▶ _Task to complete_:
Beginning with the line that holds "2019年10月17日,计算", copy every remaining line of the listing below exactly, and leave the pictures out.
*** Available data Section Begins ***
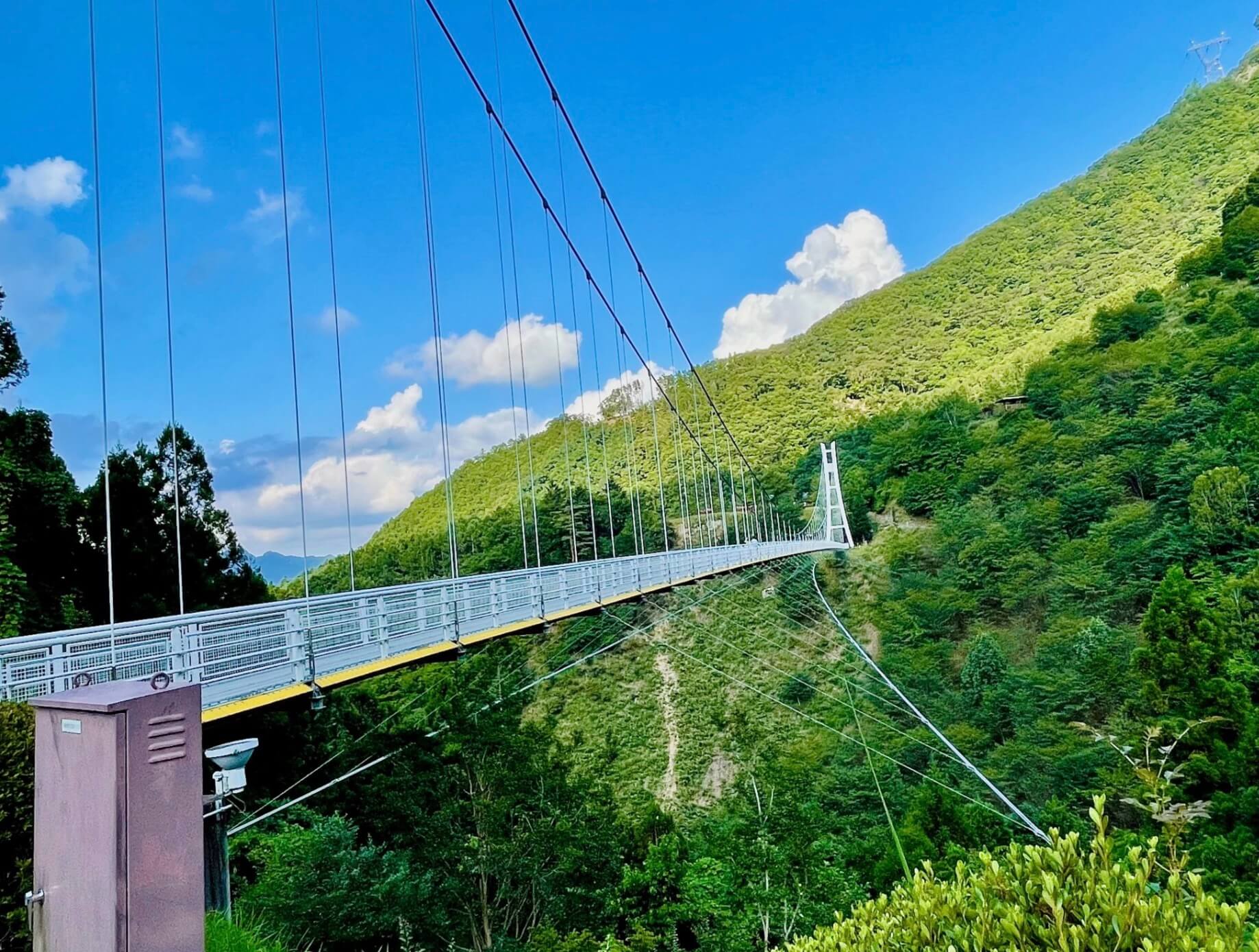 揺れる橋の上から見える渓谷や山並みは圧巻。途中でベンチに座って風を感じたり、記念写真を撮ったり、ゆったりと景色を楽しめます。
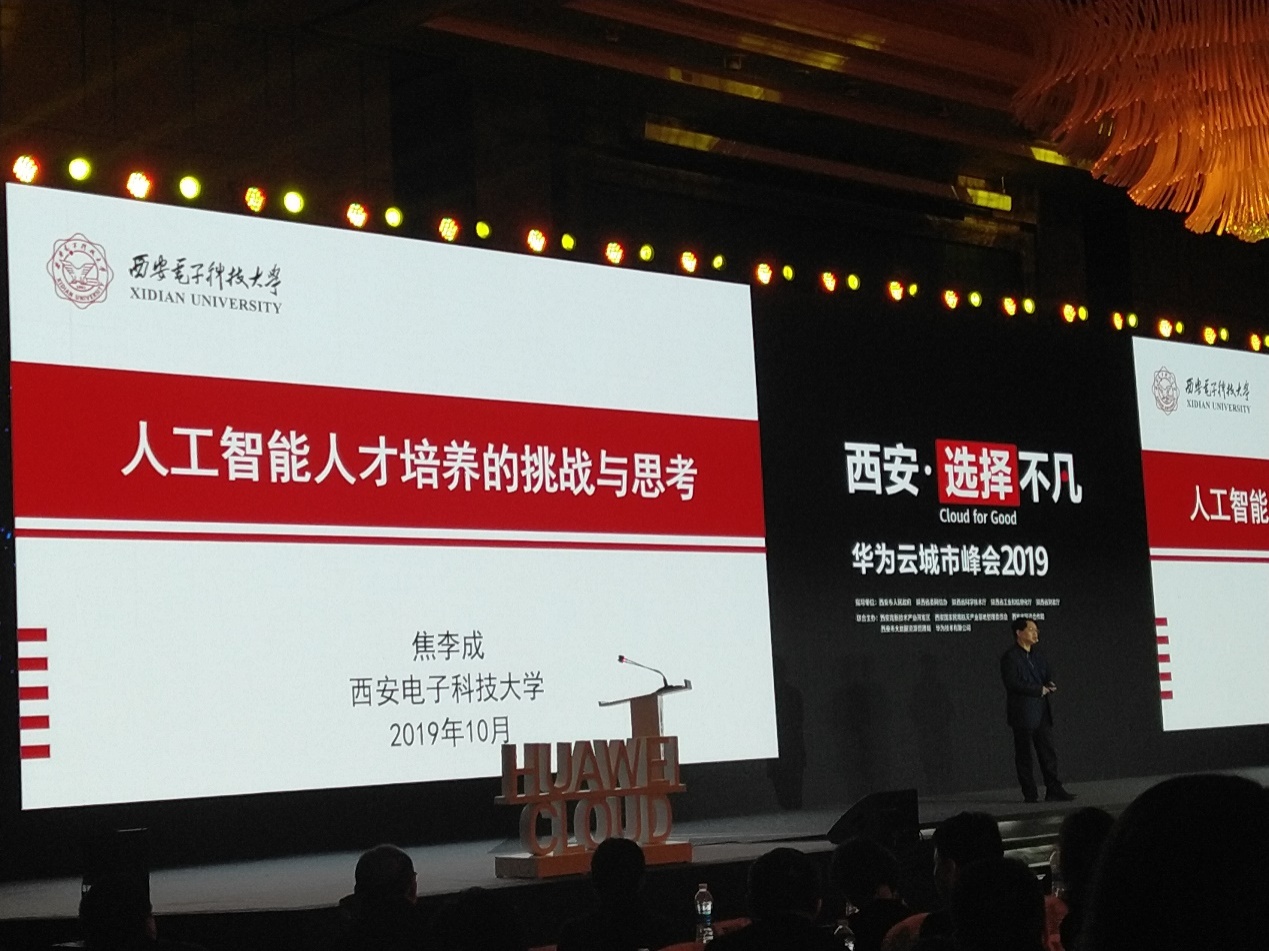 2019年10月17日,计算机科学与技术学部主任、万象城awcsport官网焦李成教授受邀参加了“西安·选择不凡”——华为云城市峰2019,并做了题为“人工智能人才培养的挑战与思考”的特邀报告。
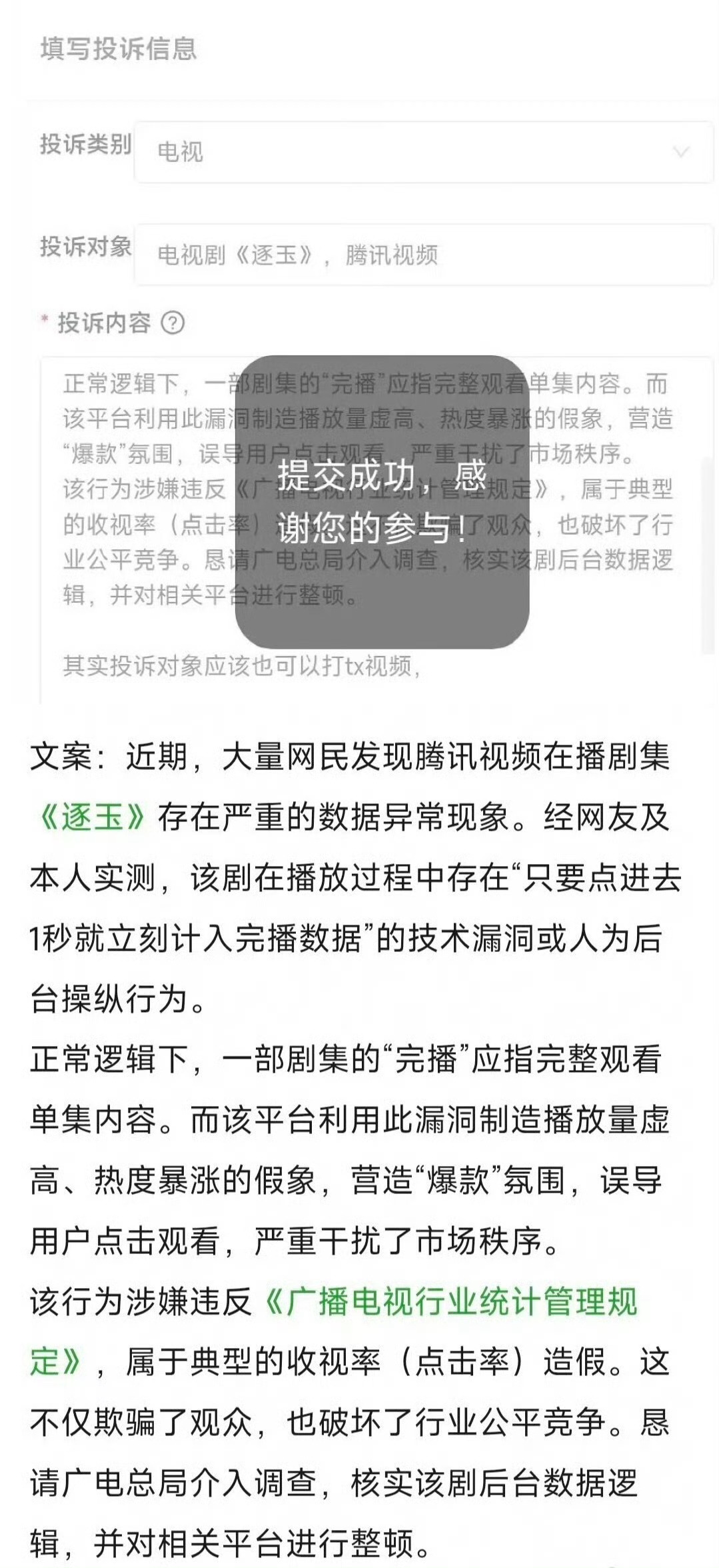 网友举报逐玉收视率造假
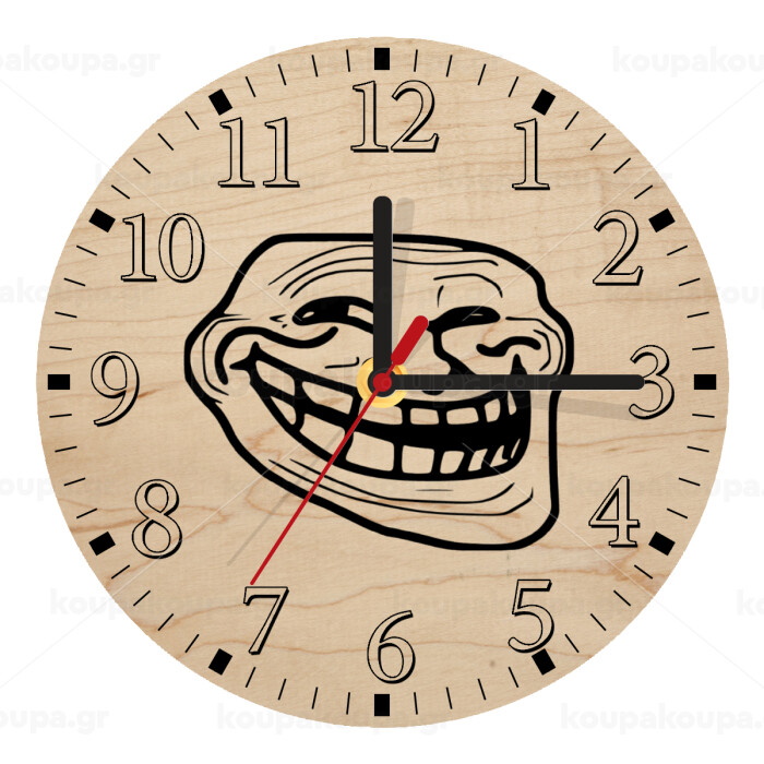 Troll face, Ρολόι τοίχου ξύλινο plywood (20cm)
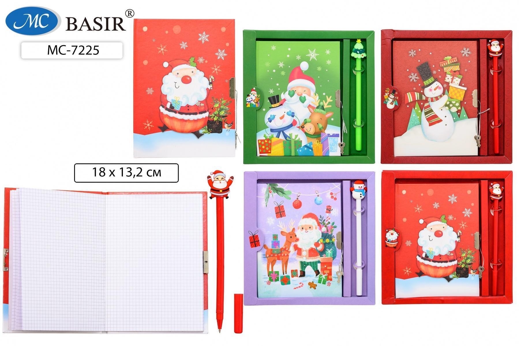 Дополнительные детали: размеры 21х20,5 см, 48 листов, блок-клетка внутри, обложка из плотного цветного картона, комплект включает ручку с наконечником и декоративные элементы с изображениями новогодних персонажей.
*** Available data Section Ends ***
▶ _Written solution_:
 2019年10月17日,计算机科学与技术学部主任、万象城awcsport官网焦李成教授受邀参加了“西安·选择不凡”——华为云城市峰2019,并做了题为“人工智能人才培养的挑战与思考”的特邀报告。
 网友举报逐玉收视率造假
 Troll face, Ρολόι τοίχου ξύλινο plywood (20cm)
 Дополнительные детали: размеры 21х20,5 см, 48 листов, блок-клетка внутри, обложка из плотного цветного картона, комплект включает ручку с наконечником и декоративные элементы с изображениями новогодних персонажей.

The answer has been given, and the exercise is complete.